Every localised network issue they address contributes to solving the macro issues associated with the intermittency of renewable generation. It really is the two birds, one stone analogy in action.

The logic of distributed storage is strong, much stronger than distributed generation, especially when coordinated and orchestrated, to smooth out time differences between supply and demand, while responding meaningfully to network challenges which would otherwise need additional investment to address.

The future of NSW storage

In New South Wales utility-scale storage is expected to grow rapidly in the next five years to around 16GWh (excl. Snowy 2.0 and long duration storage) – then from 2030 onwards, distributed individual (behind-the-meter) batteries are expected to make up the majority of the capacity, totalling almost 50GWh.

If we brought half these small batteries together and collocated them as larger shared and distributed community batteries, we estimate that New South Wales customers could save almost $20 billion (based on today’s prices) in battery costs alone. That is before we account for the additional network and system savings distributed batteries can drive.

With three – soon to be nine – community batteries across the Ausgrid network, these systems will begin to do the heavy lifting. We can expect at least 400 more battery solutions in suburbs across Australia thanks to the Federal Government’s Community Batteries for Household Solar Program.

This should just be the beginning of this trend, the Ausgrid network alone has the potential for >2 GW of battery storage capacity (distribution network connected).

Unlocking the powerful co-benefits of small to medium sized batteries is a top priority for Ausgrid and should be for networks across Australia. We are already seeing the system advantages that come from the coordination of distributed resources within the distribution network.

Ausgrid’s project Edith is currently showcasing the benefits that dynamic network tariffs, reflecting local network conditions and constraints on a five-minute basis, combined with the price signals from the National Energy Market, can deliver.

Distributed batteries have a huge role to play in driving this value, but the speed of delivery, ease of coordination, scale of response and the total cost, all improve as they get bigger.

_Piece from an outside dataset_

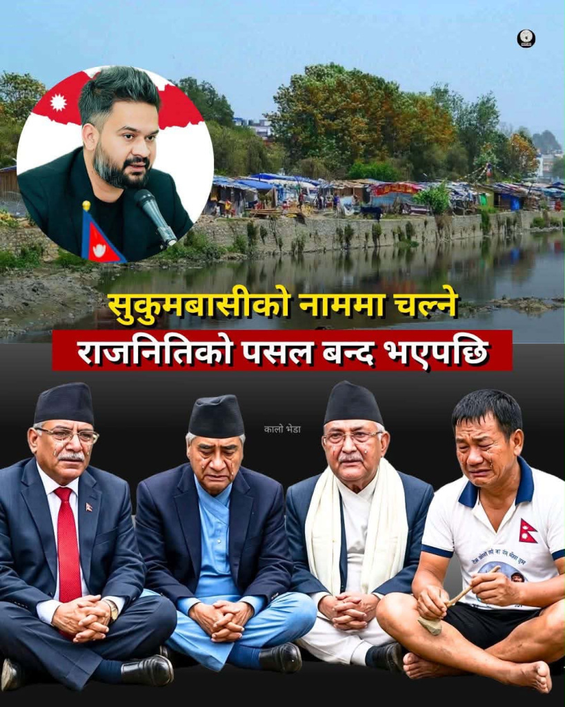 उनको पोस्टमा पुष्पकमल दाहाल, शेरबहादुर देउवा, केपी ओली र हर्क साम्पाङ रोइरहेको देखाइएको एआई सिर्जित एउटा तस्बिर पनि थियो।तस्बिरमाथि लेखिएको थियो– ‘सुकुम्वासीको नाममा चल्ने राजनीतिको पसल बन्द भएपछि।’
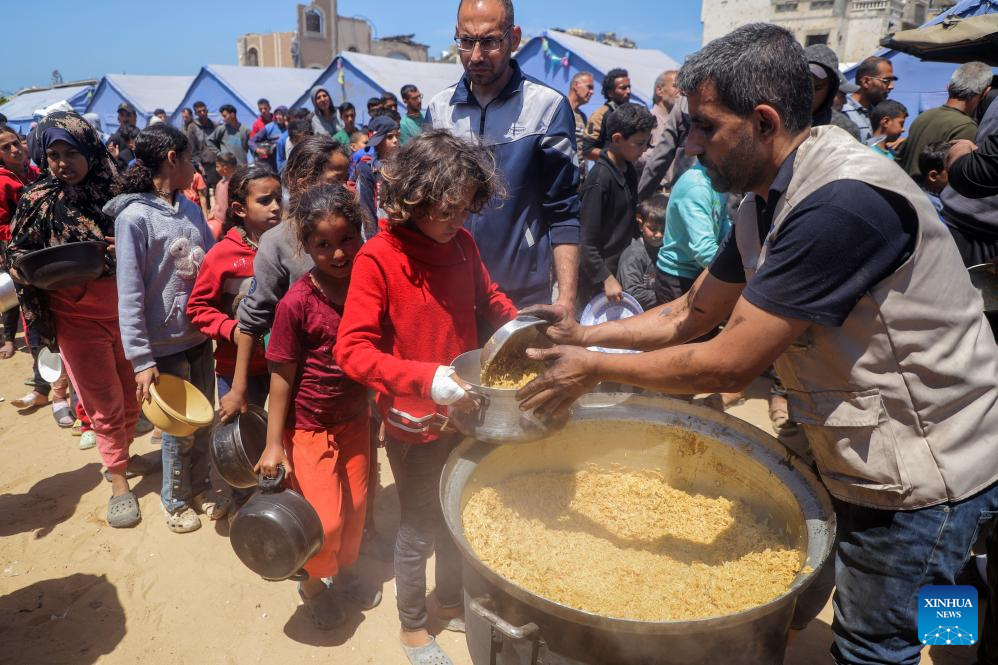 Palestinian children wait to receive free food from a food distribution center in Gaza City, on April 19, 2025. The United Nations Relief and Works Agency for Palestine Refugees in the Near East (UNRWA) said in a statement on Saturday that Gaza's border crossings have remained shut for the seventh consecutive week, preventing the entry of humanitarian aid, medical supplies, vaccines and fuel into the enclave. (Photo by Rizek Abdeljawad/Xinhua)

People therefore may argue that the focus should be on installing large-scale batteries. However, once batteries get so big that they need to connect at higher voltage, or higher up in the energy system, their ability to positively impact constraints, address local challenges and reduce costs across the system quickly decline.

At Ausgrid, we are very confident in our belief that a sweet spot lies in the low voltage network and at distribution substation level, and that is what we are looking to prove through our ongoing battery program.

There will be other changes needed, including tariff and other market reform, the increased use of dynamic connections amongst others, but the financial savings, of many billions, compared to behind the meter batteries is a prize worth pursuing.

If we get this right, distributed small and medium scale battery deployment has a huge role to play in a least cost transition to a decarbonised system by delivering a more dynamic network which is actively responsive to both the energy market and its customers changing needs.